Human rights are, at their most basic level, rights to which everyone human being is entitled simply for because he or she is a human being. These rights do not necessarily need to be enshrined in law because they exist no matter what, though spelling them out in legislation certainly makes enforcing human rights much easier.
Due to the fact that most countries in the world agree that human rights are fundamental (that is, shared by all people regardless of age, race, sex, religion, location, or any other factor), they are considered universal rights. The one document largely accepted as the foundation of international human rights law is the Universal Declaration of Human Rights passed by the United Nations (without a dissenting vote) in December, 1948. In the United Kingdom today, a variety of organisations and legislation protect the human rights of citizens.
Basic Human Rights
Human rights encompass ideas of fairness, respect, justice and equality. As universal rights this means that they are not necessarily bestowed on anyone (or kept from anyone) but are simply inherent and due to all human beings. Though different countries may make different laws regarding these rights, and some countries may not have any laws regarding them, most people around the world agree on a number of basic human rights. These usually include:
The right to life
The right to free speech
The right to freedom of religion
The right to be free from torture
The right to be free from any other cruel/unusual/inhumane treatment
The right to education and work
The right to an adequate standard of living and housing
The right to a fair trial
The right to engage in social, political and cultural activities
The Universal Declaration of Human Rights
In 1948, following the horrors of World War II, the United Nations adopted the Universal Declaration of Human Rights (UDHR). This document attempted to lay out all of the human rights due to every worldwide citizen, including the rights discussed above. In general this document divided human rights into three broad categories: civil and political rights, economic, cultural and social rights and solidarity rights. Due to its international acceptance, the Universal Declaration of Human Rights has become the foundation of most international law regarding human rights. In 1993, at the Vienna World Conference on Human Rights, this document was again affirmed by members of the United Nations without a dissenting vote. The Declaration itself can be found at the United Nations website.

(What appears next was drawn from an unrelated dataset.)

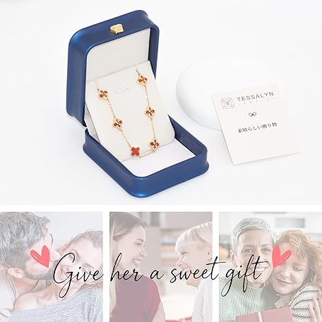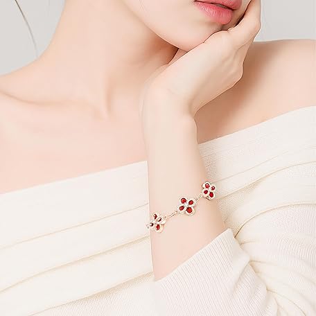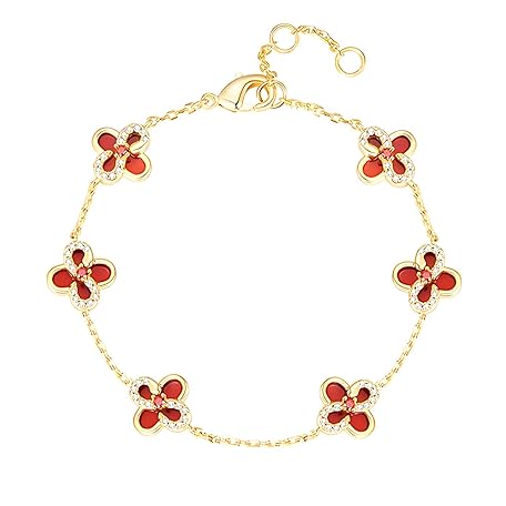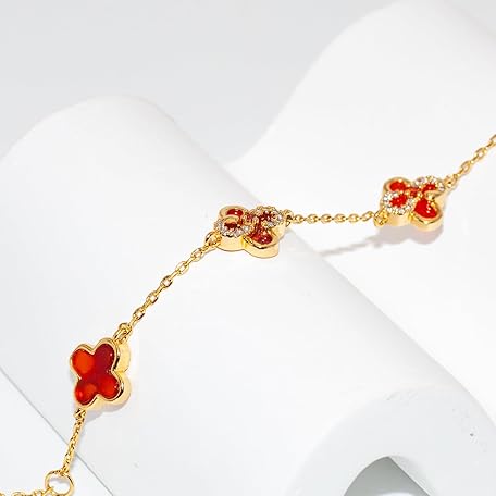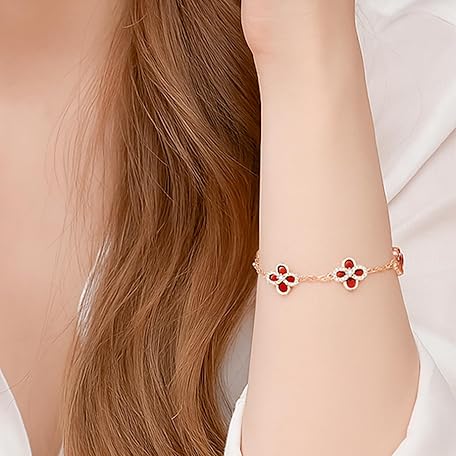 Tessalyn Four Leaf Clover Bracelet for Women, 18K Gold Plated Ruby Clover Lucky Bracelet, Adjustable Clover Chain Jewelry Gift, 7.87in, Copper, No Gems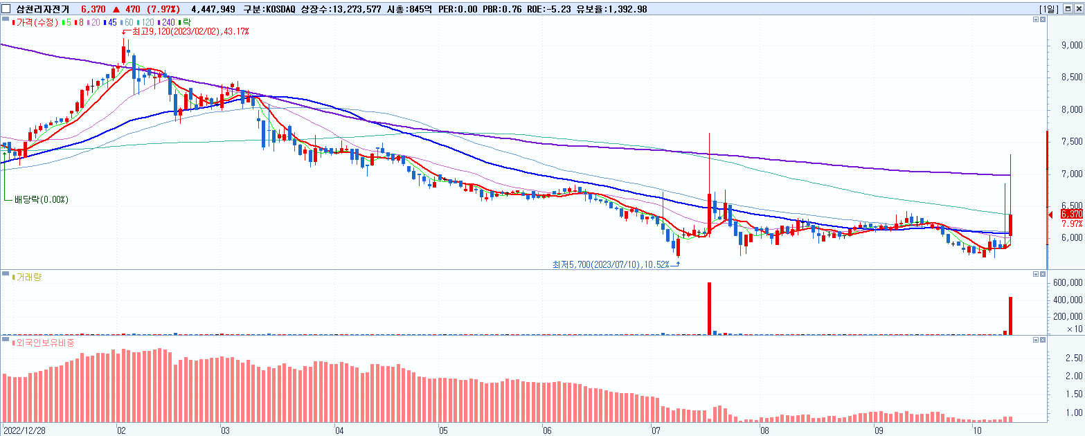 - 삼천리자전거 (6,370원 ▲ 7.97% , 시총: 846억, 거래량: 4,449,566, 거래대금:305억)

Human Rights in the United Kingdom
In the United Kingdom, human rights are protected in a variety of ways. For example, the Foreign and Commonwealth Office hold human rights as one of the basic foundations of the UK's international policies, and a Joint Committee on Human Rights sits in Parliament. The UK also adheres to the European Convention on Human Rights, and the Human Rights Act 1998 makes it possible for UK courts to hear cases on breaches of human rights (rather than parties needing to go to the European Court of Human Rights in Strasbourg). A variety of human rights watchdog organisations including Amnesty International (www.amnesty.org.uk), Liberty (www.liberty-human-rights.org.uk) and Justice (www.justice.org.uk) also operate in the United Kingdom.